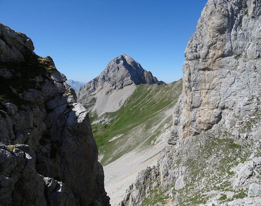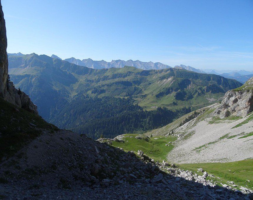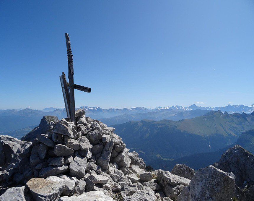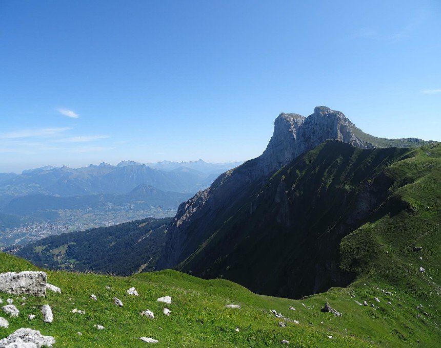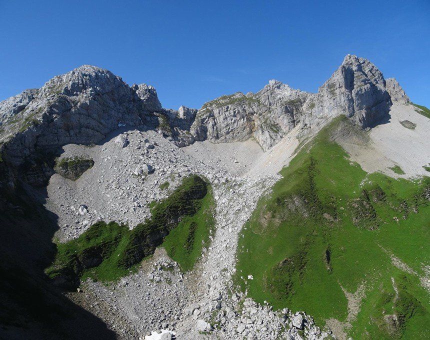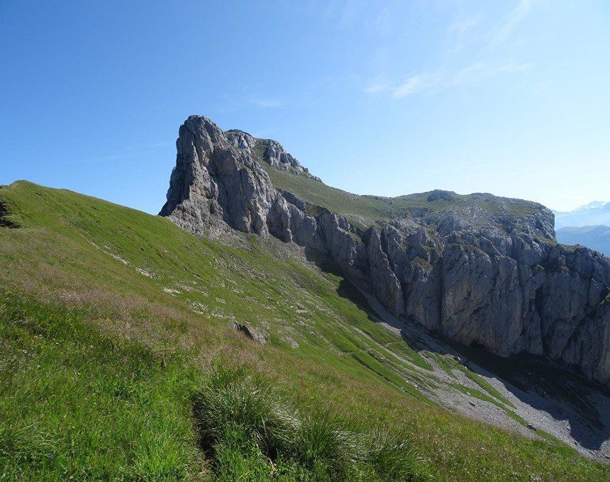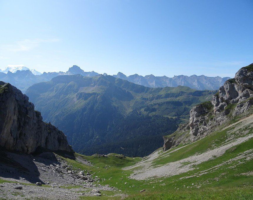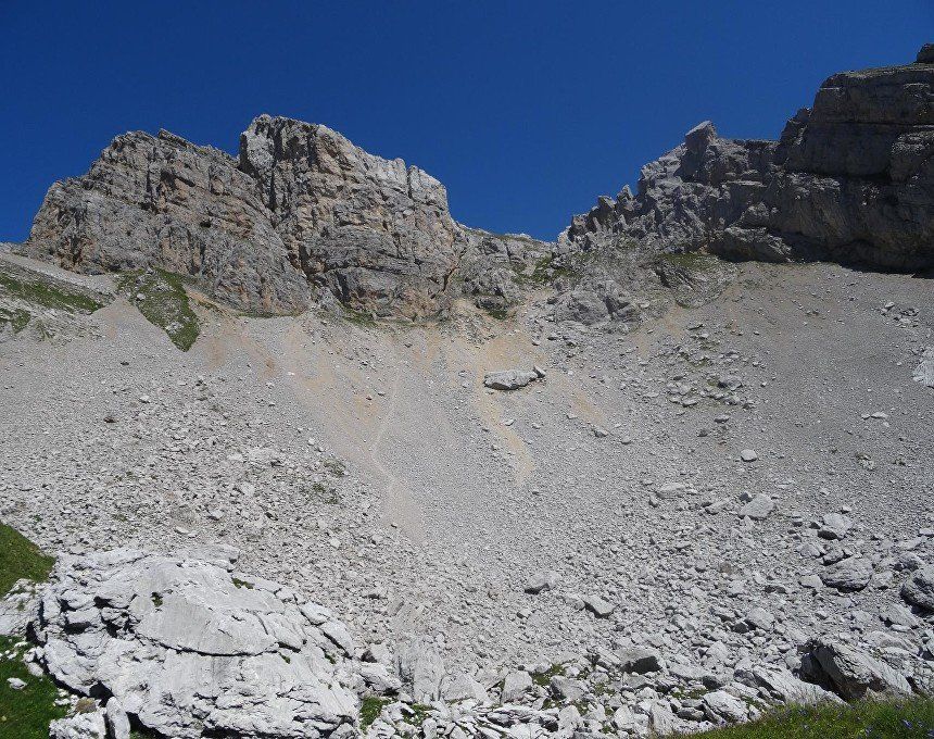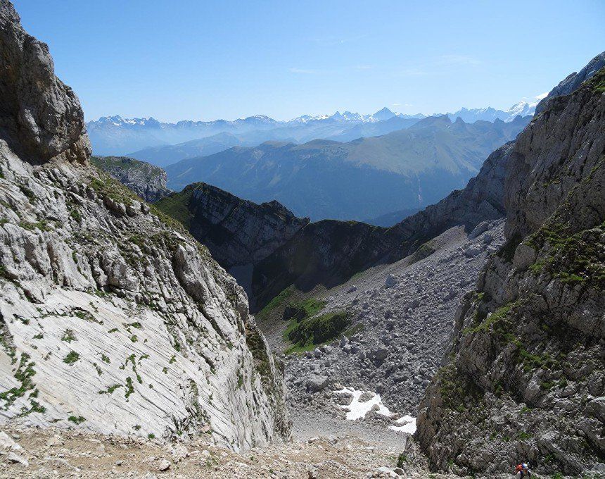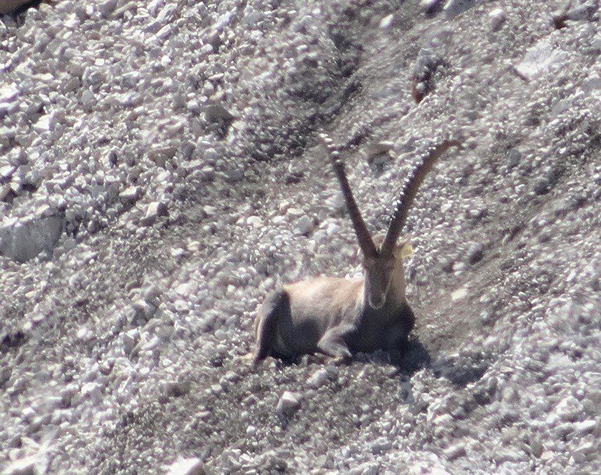 Aug 2019 - Ascent from Col de la Colombière. From the col, I walked parallel with the contours until a steep ascent up to 2100m, across grass, and over rocky terrain brought me to the caves named Les grottes des Montarquis. Sorry that the photos are rubbish - haven't mastered that setting on the camera! Scooped out at the base of a cliff, these caves show you the extent that water can erode limestone. It was quite eerie inside but a relief from the scorching heat. To get to Pointe du Midi, there was a huge down and up, and finally, a steep scree in a narrow gully which reminded me of Lords Rake. Plenty of Ibex around to keep me entertained though. The views from the summit were spectacular, arguable the finest viewpoint of my stay in France so far. Some fun scree-running in descent via the lake.
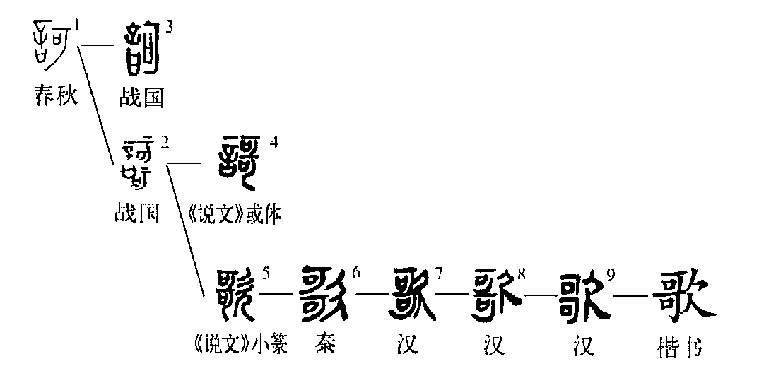 形聲字。 《說文》:“歌,也。從欠,哥聲。謌,謌或從言。”段玉裁注:“可部曰:哥,聲也,古文以為謌字。”《詩·魏風·園有桃》:“心之憂矣,我歌且謠。”毛傳:“曲合樂曰歌,徒歌曰謠。”《大雅·行葦》:“或歌或咢。”《小雅·四牡》:“是用作歌,將母來諗。” 《大雅·桑柔》:“既作爾歌。”歌字常見于西周文獻,但古文字資料中最早見于春秋時代。戰國古文字中歌字有從口哥聲者,也有從言可聲者,《說文》小篆之或體從言哥聲即承襲戰國古文字訶字的形體。從欠之歌,見于《說文》小篆,更習見于秦簡、漢簡帛,其形體當產生于春秋戰國時代的秦國。春秋時代的“訶”正用為歌曲之歌。(周寶宏)
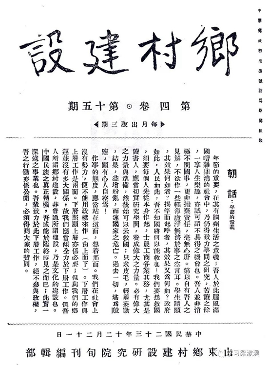 1934年,梁漱溟先生正在山东邹平从事乡村建设运动。那一年年底,梁漱溟先生在“朝会”上的演讲《年节的意义》,刊载在《乡村建设》期刊上。然而不知何故,1937年,乡村建设研究院的学生们将梁漱溟先生“朝会”的各篇演讲记录整理、并结集出版为《朝话》一书时,这篇《年节的意义》竟被遗漏了,令此文几乎被埋没、遗忘……
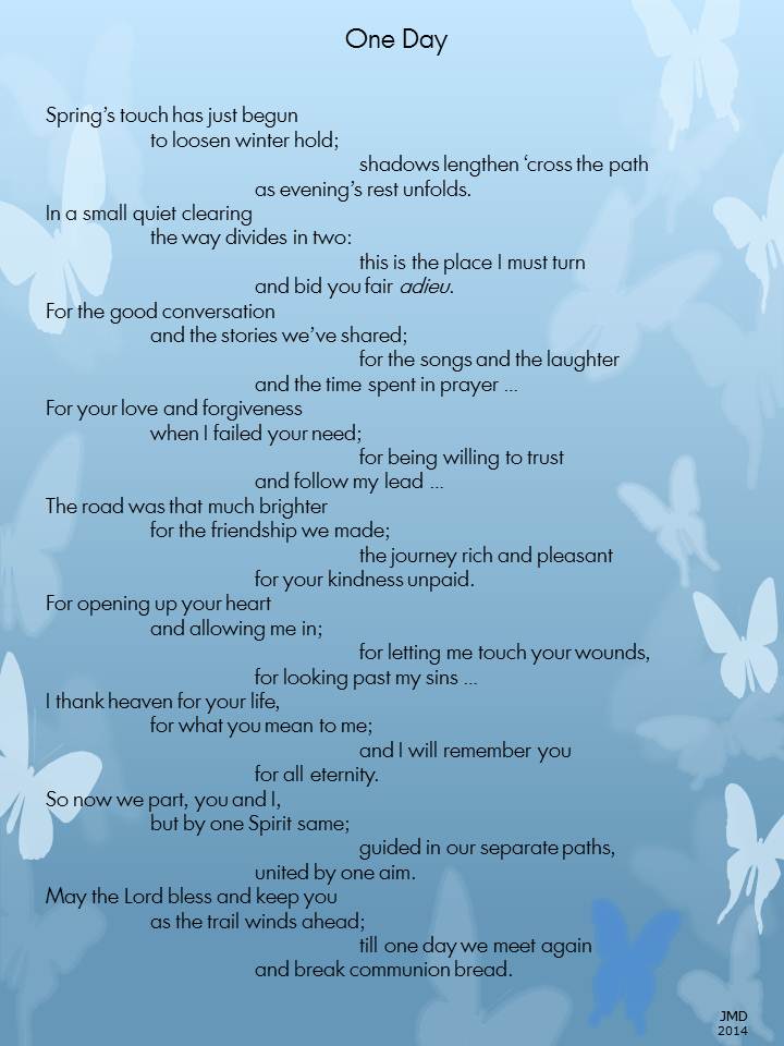 1. So touching. Thank you for sharing this John. I know the time is close for your mother to part from you and your family. This poem touches all the points of being loved and loving. What a rich life she has shared with you, and what a rich life you share with others. it gets passed along, and down to those we allow into our most inner feelings. I feel fortunate to know you and LaJunta, and thus know your Mother through you.
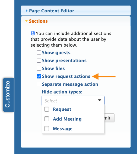 This setting makes it possible for participants to submit meeting requests and/or messages from the Profile pop-up.
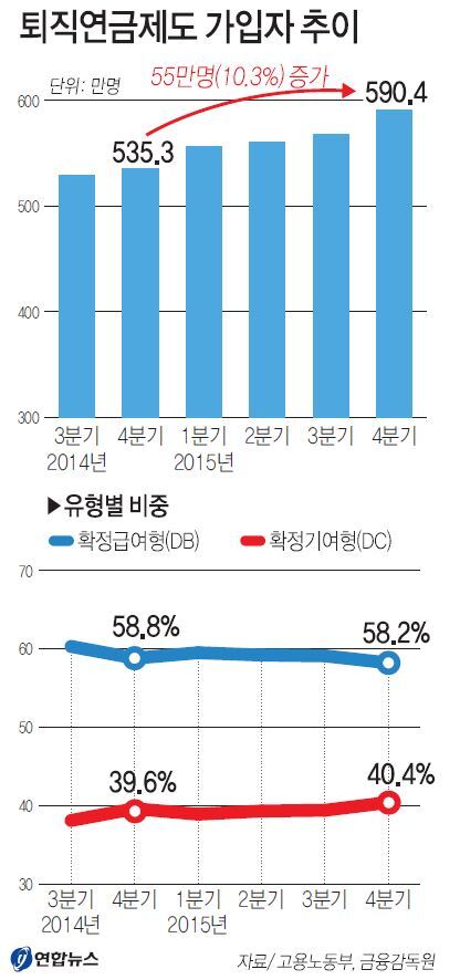 6일 고용노동부와 금융감독원이 공개한 2015년 말 기준 퇴직연금 현황 자료를 보면 퇴직연금 가입자는 총 590만4000명으로 1년 전보다 55만명(10.3%) 늘었다. 이는 전체 상용근로자 수(1100만명)의 절반을 웃도는 53.6%에 해당한다. 유형별 가입자 수를 보면 퇴직급여 수준이 사전에 결정돼 있는 확정급여형(DB)이 343만6000명으로 1년 전보다 9.1% 늘었고, 적립금 운용 실적에 따라 퇴직급여가 변동되는 확정기여형(DC)이 238만5000명으로 12.6% 증가했다. 연합뉴스

----

EXERCISE DETAILS »
The data must be repeated exactly. Any pictures in it are to be left out.

SOLVED PROBLEM »
 Aug 2019 - Ascent from Col de la Colombière. From the col, I walked parallel with the contours until a steep ascent up to 2100m, across grass, and over rocky terrain brought me to the caves named Les grottes des Montarquis. Sorry that the photos are rubbish - haven't mastered that setting on the camera! Scooped out at the base of a cliff, these caves show you the extent that water can erode limestone. It was quite eerie inside but a relief from the scorching heat. To get to Pointe du Midi, there was a huge down and up, and finally, a steep scree in a narrow gully which reminded me of Lords Rake. Plenty of Ibex around to keep me entertained though. The views from the summit were spectacular, arguable the finest viewpoint of my stay in France so far. Some fun scree-running in descent via the lake.
 形聲字。 《說文》:“歌,也。從欠,哥聲。謌,謌或從言。”段玉裁注:“可部曰:哥,聲也,古文以為謌字。”《詩·魏風·園有桃》:“心之憂矣,我歌且謠。”毛傳:“曲合樂曰歌,徒歌曰謠。”《大雅·行葦》:“或歌或咢。”《小雅·四牡》:“是用作歌,將母來諗。” 《大雅·桑柔》:“既作爾歌。”歌字常見于西周文獻,但古文字資料中最早見于春秋時代。戰國古文字中歌字有從口哥聲者,也有從言可聲者,《說文》小篆之或體從言哥聲即承襲戰國古文字訶字的形體。從欠之歌,見于《說文》小篆,更習見于秦簡、漢簡帛,其形體當產生于春秋戰國時代的秦國。春秋時代的“訶”正用為歌曲之歌。(周寶宏)
 1934年,梁漱溟先生正在山东邹平从事乡村建设运动。那一年年底,梁漱溟先生在“朝会”上的演讲《年节的意义》,刊载在《乡村建设》期刊上。然而不知何故,1937年,乡村建设研究院的学生们将梁漱溟先生“朝会”的各篇演讲记录整理、并结集出版为《朝话》一书时,这篇《年节的意义》竟被遗漏了,令此文几乎被埋没、遗忘……
 1. So touching. Thank you for sharing this John. I know the time is close for your mother to part from you and your family. This poem touches all the points of being loved and loving. What a rich life she has shared with you, and what a rich life you share with others. it gets passed along, and down to those we allow into our most inner feelings. I feel fortunate to know you and LaJunta, and thus know your Mother through you.
 This setting makes it possible for participants to submit meeting requests and/or messages from the Profile pop-up.
 6일 고용노동부와 금융감독원이 공개한 2015년 말 기준 퇴직연금 현황 자료를 보면 퇴직연금 가입자는 총 590만4000명으로 1년 전보다 55만명(10.3%) 늘었다. 이는 전체 상용근로자 수(1100만명)의 절반을 웃도는 53.6%에 해당한다. 유형별 가입자 수를 보면 퇴직급여 수준이 사전에 결정돼 있는 확정급여형(DB)이 343만6000명으로 1년 전보다 9.1% 늘었고, 적립금 운용 실적에 따라 퇴직급여가 변동되는 확정기여형(DC)이 238만5000명으로 12.6% 증가했다. 연합뉴스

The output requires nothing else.